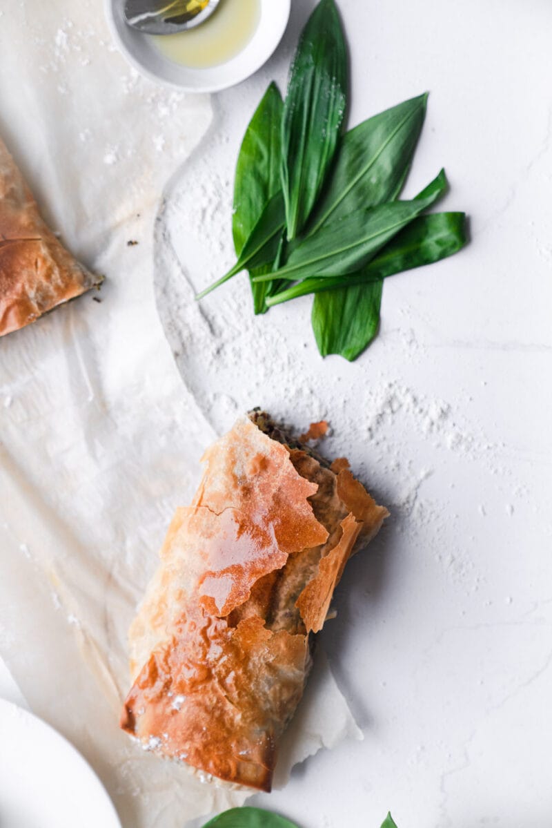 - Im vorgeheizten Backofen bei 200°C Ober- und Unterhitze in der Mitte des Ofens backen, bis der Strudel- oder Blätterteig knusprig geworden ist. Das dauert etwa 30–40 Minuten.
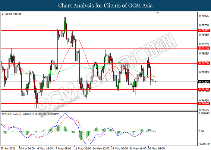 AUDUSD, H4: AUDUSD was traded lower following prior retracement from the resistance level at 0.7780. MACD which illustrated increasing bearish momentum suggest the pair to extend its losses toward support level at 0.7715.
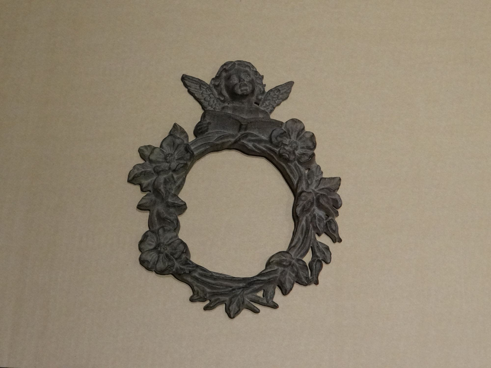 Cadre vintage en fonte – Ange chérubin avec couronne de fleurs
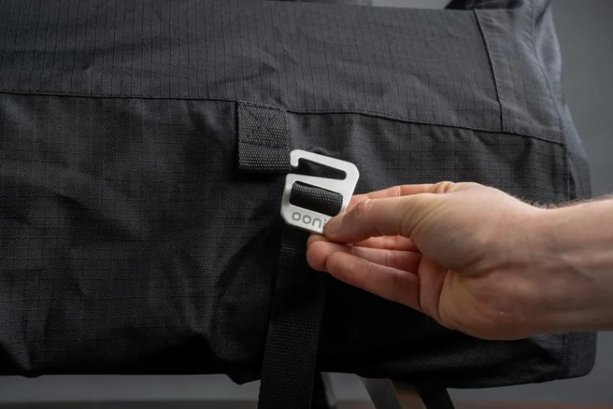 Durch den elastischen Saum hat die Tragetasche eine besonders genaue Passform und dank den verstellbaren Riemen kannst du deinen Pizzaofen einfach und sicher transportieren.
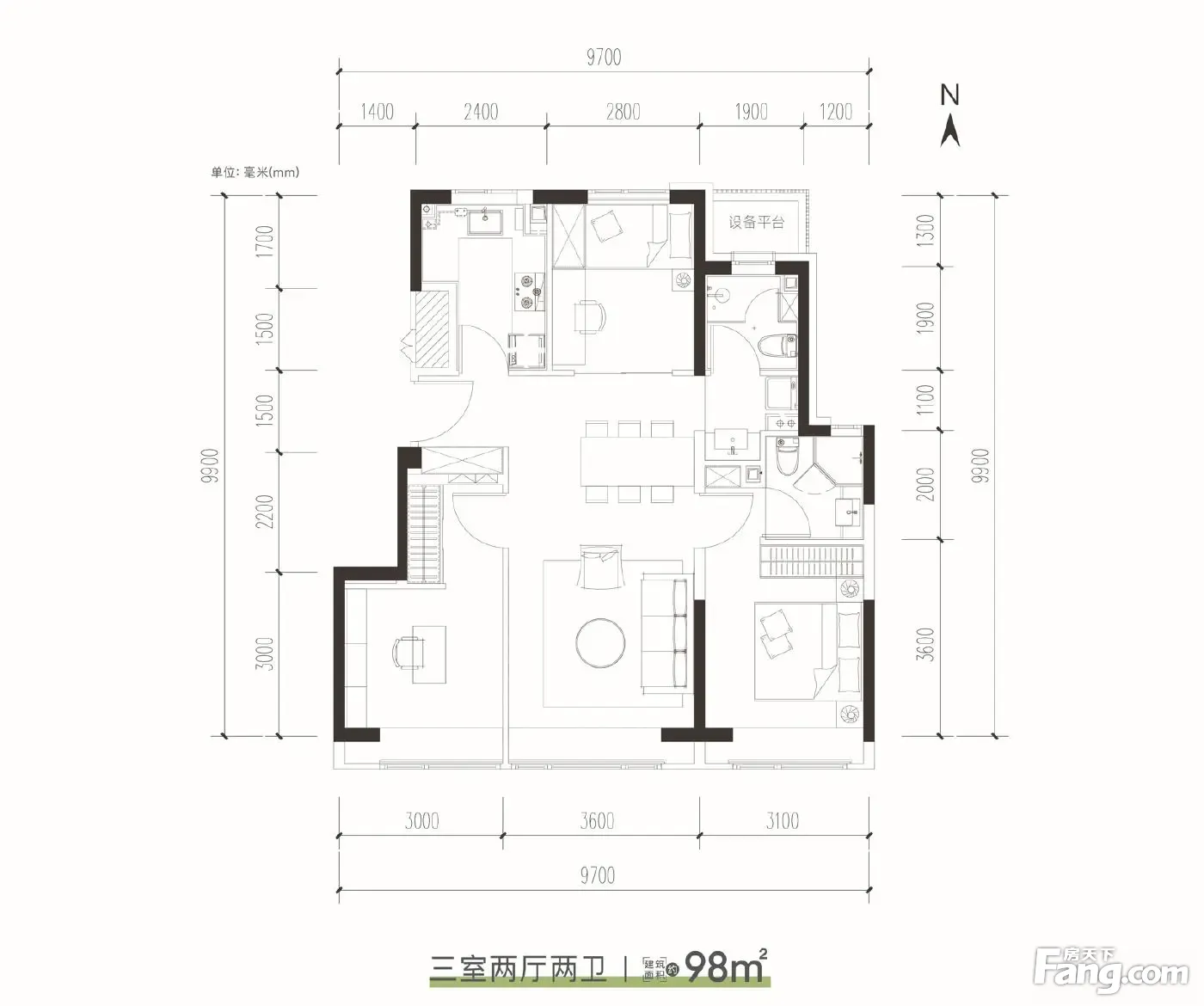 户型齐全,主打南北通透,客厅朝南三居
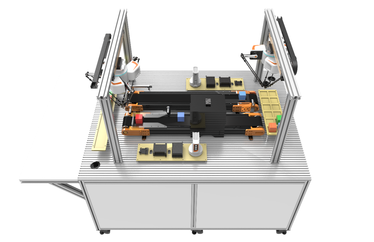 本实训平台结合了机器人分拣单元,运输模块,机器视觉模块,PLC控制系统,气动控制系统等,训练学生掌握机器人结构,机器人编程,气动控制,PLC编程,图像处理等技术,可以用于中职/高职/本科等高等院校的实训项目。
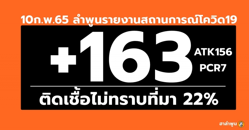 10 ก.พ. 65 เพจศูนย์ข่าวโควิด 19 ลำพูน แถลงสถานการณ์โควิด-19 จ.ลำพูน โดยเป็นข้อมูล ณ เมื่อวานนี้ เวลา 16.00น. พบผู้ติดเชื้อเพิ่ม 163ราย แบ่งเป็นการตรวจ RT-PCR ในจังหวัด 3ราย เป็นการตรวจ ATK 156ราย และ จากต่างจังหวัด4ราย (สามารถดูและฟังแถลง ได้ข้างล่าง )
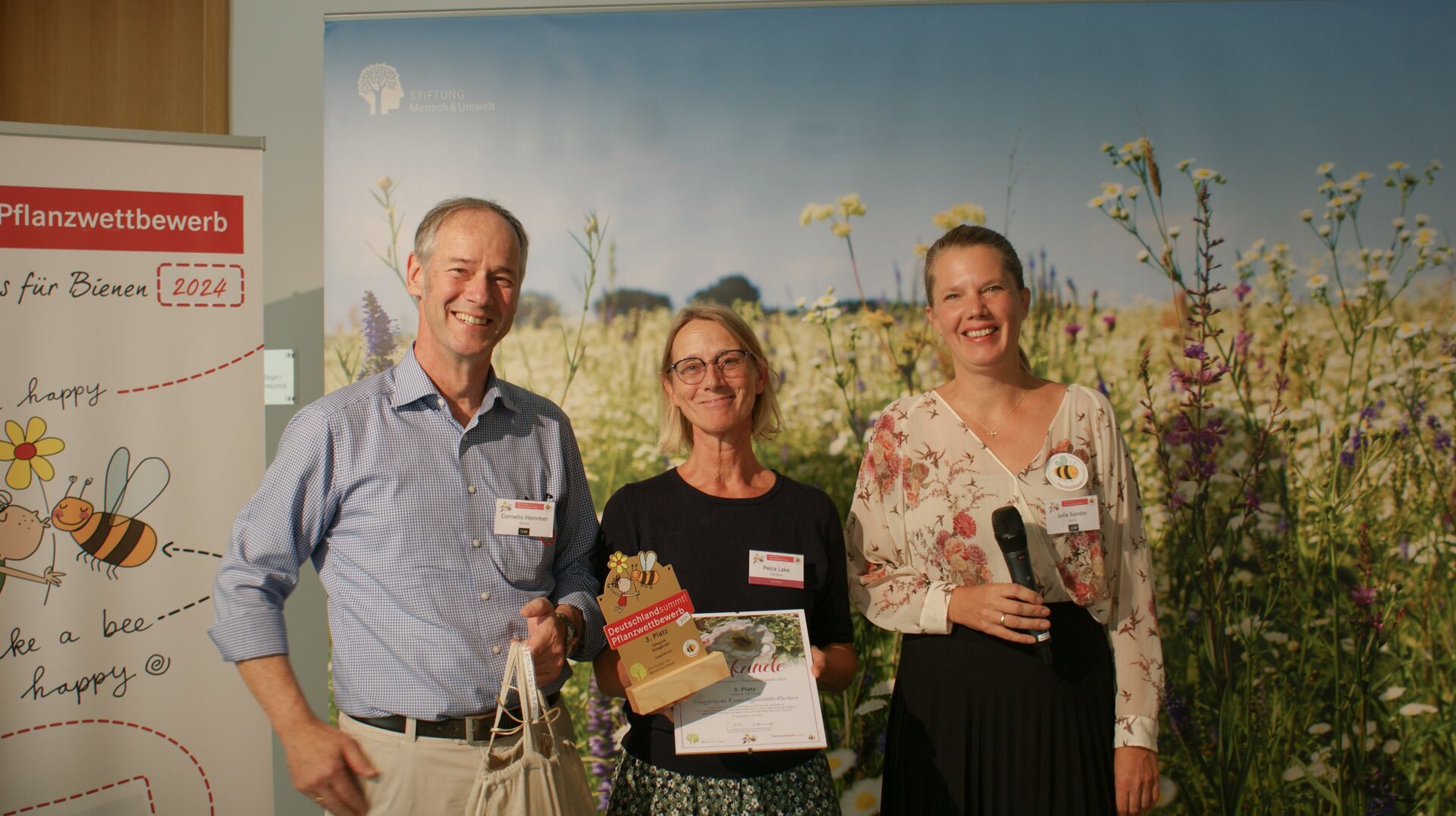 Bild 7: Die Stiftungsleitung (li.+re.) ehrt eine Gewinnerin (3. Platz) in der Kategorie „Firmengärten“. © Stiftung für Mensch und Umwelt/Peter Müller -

◇ ◇ ◇ ◇

> _WHAT YOU WILL DO_: Drop the pictures and copy the data exactly.

> _ANSWER_:
 - Im vorgeheizten Backofen bei 200°C Ober- und Unterhitze in der Mitte des Ofens backen, bis der Strudel- oder Blätterteig knusprig geworden ist. Das dauert etwa 30–40 Minuten.
 AUDUSD, H4: AUDUSD was traded lower following prior retracement from the resistance level at 0.7780. MACD which illustrated increasing bearish momentum suggest the pair to extend its losses toward support level at 0.7715.
 Cadre vintage en fonte – Ange chérubin avec couronne de fleurs
 Durch den elastischen Saum hat die Tragetasche eine besonders genaue Passform und dank den verstellbaren Riemen kannst du deinen Pizzaofen einfach und sicher transportieren.
 户型齐全,主打南北通透,客厅朝南三居
 本实训平台结合了机器人分拣单元,运输模块,机器视觉模块,PLC控制系统,气动控制系统等,训练学生掌握机器人结构,机器人编程,气动控制,PLC编程,图像处理等技术,可以用于中职/高职/本科等高等院校的实训项目。
 10 ก.พ. 65 เพจศูนย์ข่าวโควิด 19 ลำพูน แถลงสถานการณ์โควิด-19 จ.ลำพูน โดยเป็นข้อมูล ณ เมื่อวานนี้ เวลา 16.00น. พบผู้ติดเชื้อเพิ่ม 163ราย แบ่งเป็นการตรวจ RT-PCR ในจังหวัด 3ราย เป็นการตรวจ ATK 156ราย และ จากต่างจังหวัด4ราย (สามารถดูและฟังแถลง ได้ข้างล่าง )
 Bild 7: Die Stiftungsleitung (li.+re.) ehrt eine Gewinnerin (3. Platz) in der Kategorie „Firmengärten“. © Stiftung für Mensch und Umwelt/Peter Müller -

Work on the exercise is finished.